*Given information*
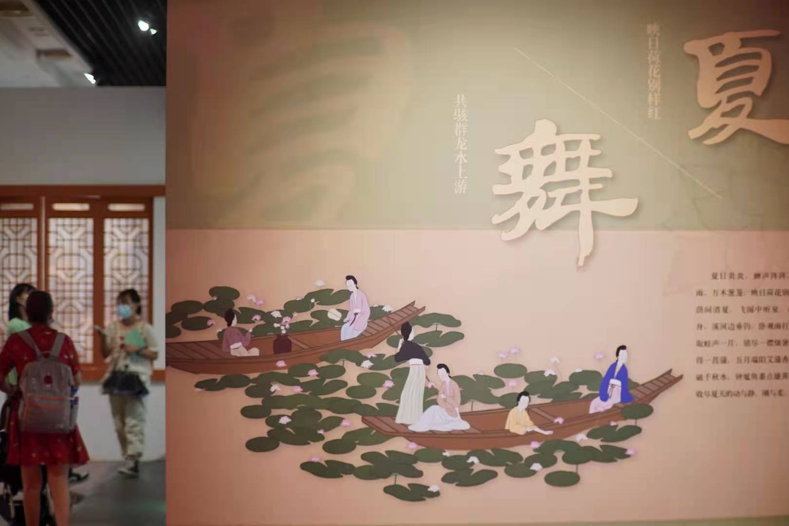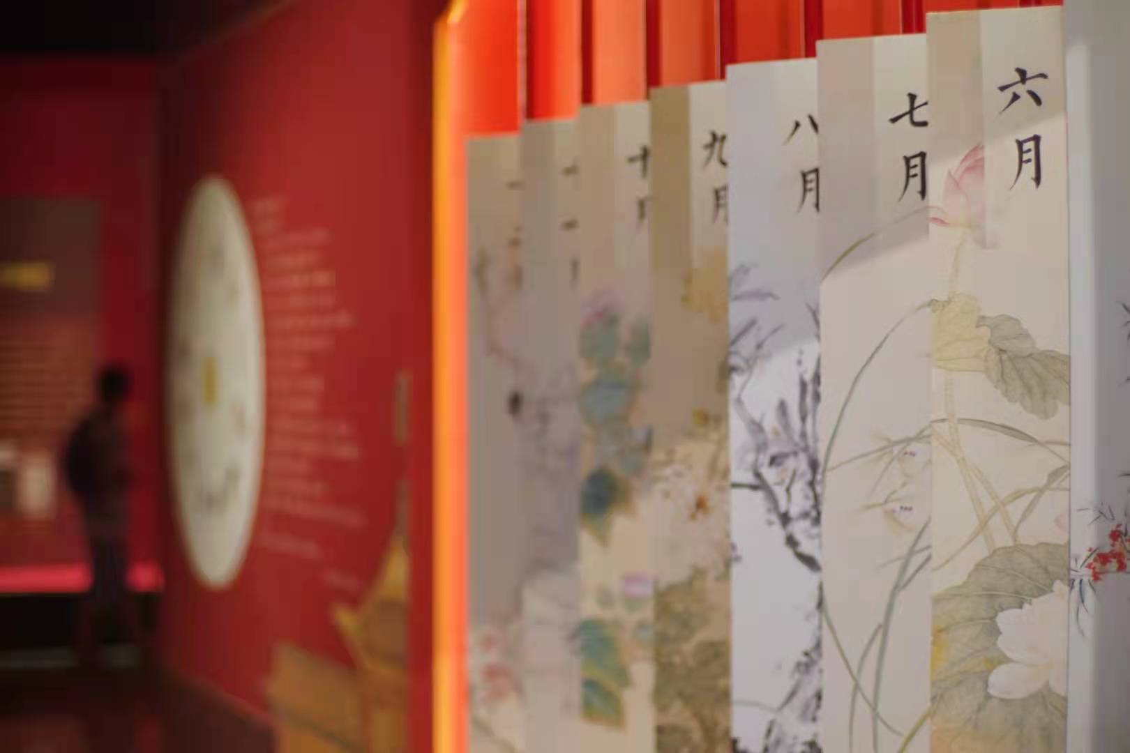 展览共分为四个部分。第一部分“春萌”,通过一系列展品,向观众展示生机勃勃的“春景”和人们在佳节中对新的一年美好生活的向往与追求。第二部分“夏舞”,展示了从松荫间消夏、飞阁中听泉、荷塘里泛舟、溪河边垂钓,到四月菖蒲庆生,五月龙舟竞渡,钟馗角黍点雄黄的应时画作,突出夏日里的动与静、刚与柔。第三部分“秋兴”,展示了层林尽染、蟹肥菊黄、五谷丰登、瓜果飘香的秋日丰收之景,亦有落木萧萧、雁过留声的淡淡忧伤,更有圆月下、高山上浓浓的思念之情。第四部分“冬藏”,是本次展览打造的互动重点。在这里,画中有冬日古人策杖寻梅的身影,画外有特别设计的九九消寒图互动。
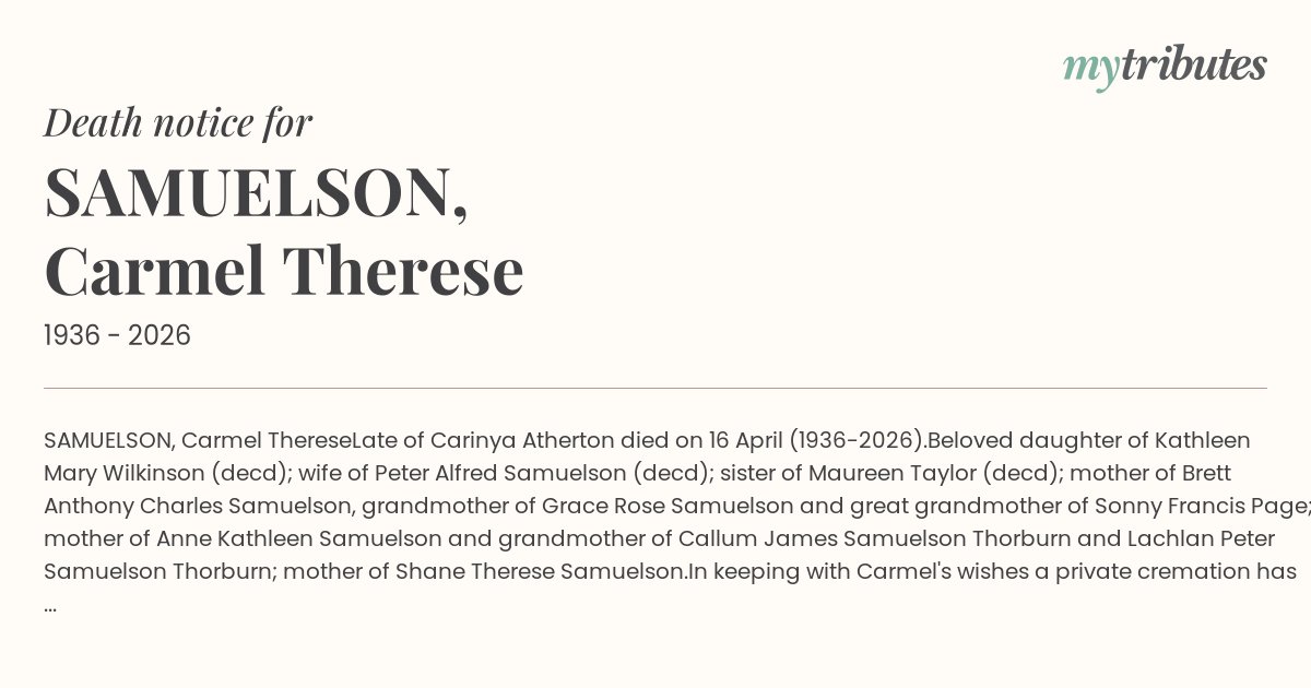 Beloved daughter of Kathleen Mary Wilkinson (decd); wife of Peter Alfred Samuelson (decd); sister of Maureen Taylor (decd); mother of Brett Anthony Charles Samuelson, grandmother of Grace Rose Samuelson and great grandmother of Sonny Francis Page; mother of Anne Kathleen Samuelson and grandmother of Callum James Samuelson Thorburn and Lachlan Peter Samuelson Thorburn; mother of Shane Therese Samuelson.
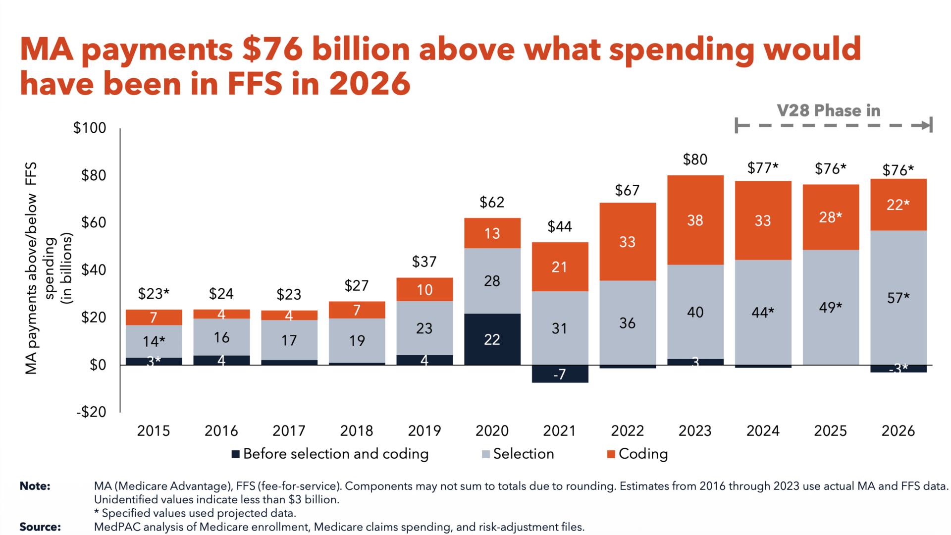 Coding Intensity (Upcoding): MA plans document every possible diagnosis to inflate risk scores and increase government payments (higher risk scores = higher monthly payments). MedPAC estimates this adds 4 percentage points to MA spending compared to traditional Medicare. Aggressive tactics like in-home assessments that capture diagnoses without follow-up care lead to billions in overpayments.
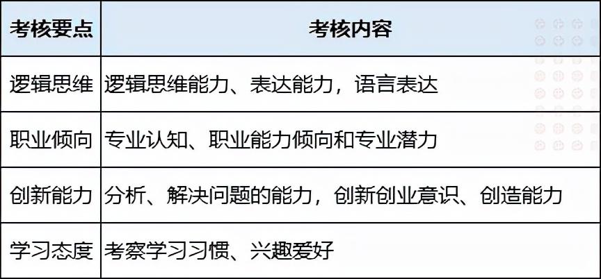 1.普高类:综合素质测试,采用现场考核和问答的方式进行,主要考察考生逻辑思维能力、语言沟通能力和职业倾向等基本素质;
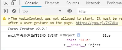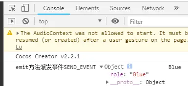 运行结果如下(说明依然只有Blue自己这个节点接收到了emit派发的事件SEND_EVENT):
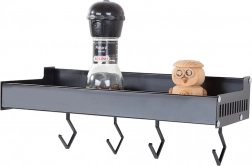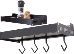 Élégante et résistante, cette étagère murale en aluminium noir thermolaqué apporte ordre et style à votre intérieur. Parfaite pour la cuisine, la salle de bain et l’entrée. Grâce au rebord surélevé et à ses quatre crochets amovibles, elle maintient en sécurité épices, cosmétiques et ustensiles. Construction robuste, montage mural facile et design universel en font une solution pratique pour l’organisation du quotidien.
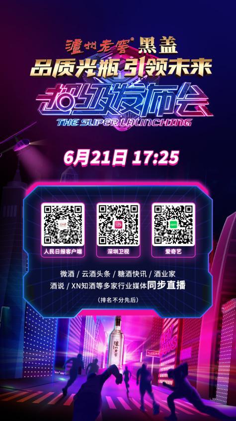 6月21日17:25分,请锁定人民日报客户端、深圳卫视、爱奇艺等多家媒体平台,扫描图片二维码,让我们相约泸州老窖黑盖超级发布会,共同揭晓答案!
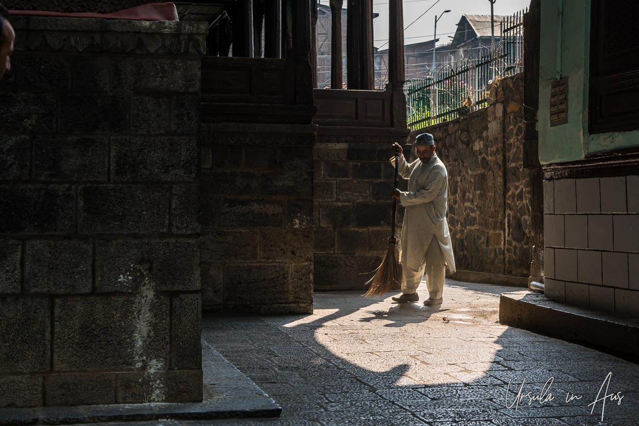 Beyond the old wooden mosque, everyday life continues in the old city streets of Srinagar.
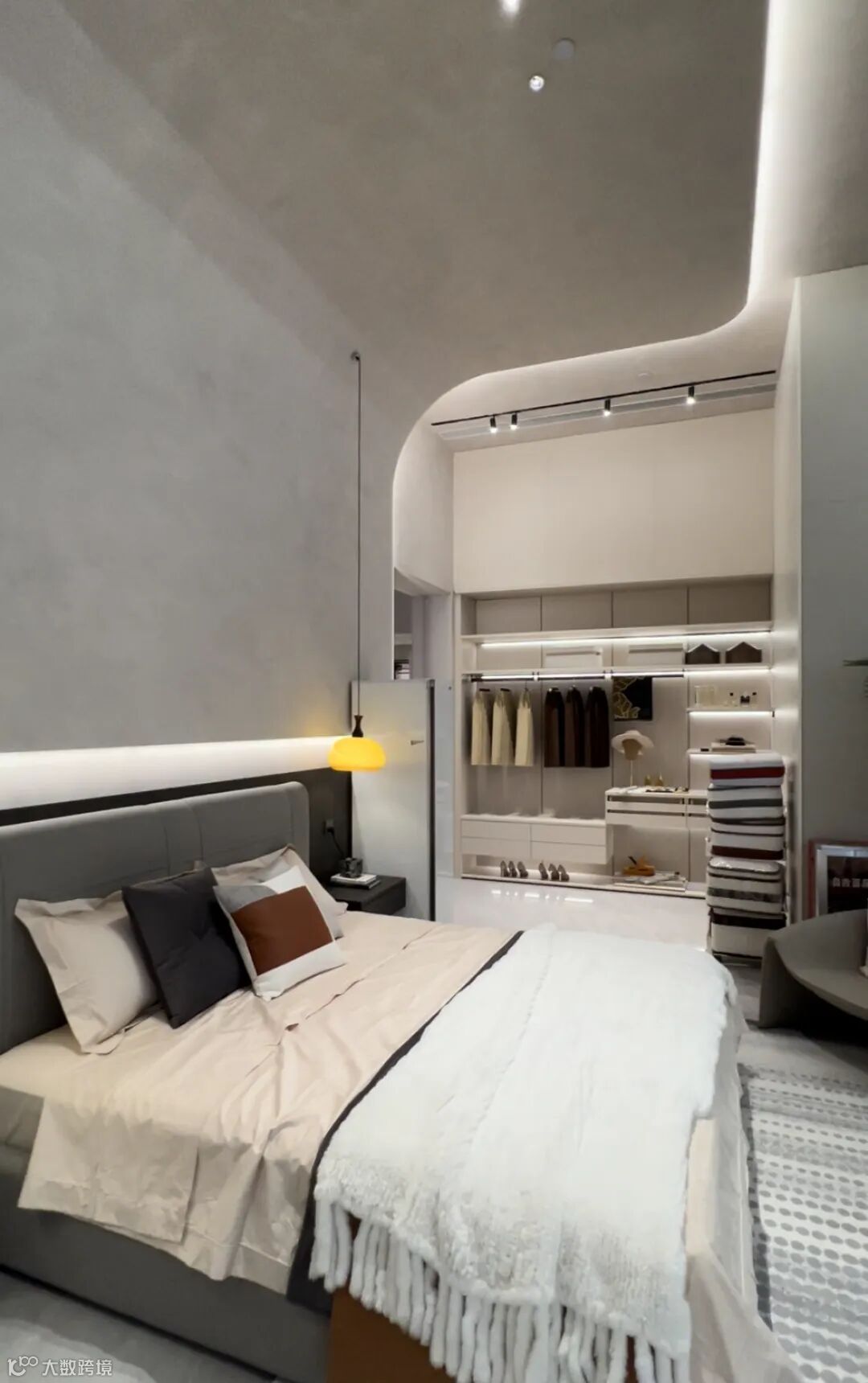 这是霸道总裁的卧室。简单圆弧床屏设计,和房型相得益彰。

*What is required*
Transcribe exactly the lines that go from the one holding "6月21日17:25分,请锁" through the last line of the entries, both included, and nothing besides them. Do not include any pictures.

*Output of the exercise*
 6月21日17:25分,请锁定人民日报客户端、深圳卫视、爱奇艺等多家媒体平台,扫描图片二维码,让我们相约泸州老窖黑盖超级发布会,共同揭晓答案!
 Beyond the old wooden mosque, everyday life continues in the old city streets of Srinagar.
 这是霸道总裁的卧室。简单圆弧床屏设计,和房型相得益彰。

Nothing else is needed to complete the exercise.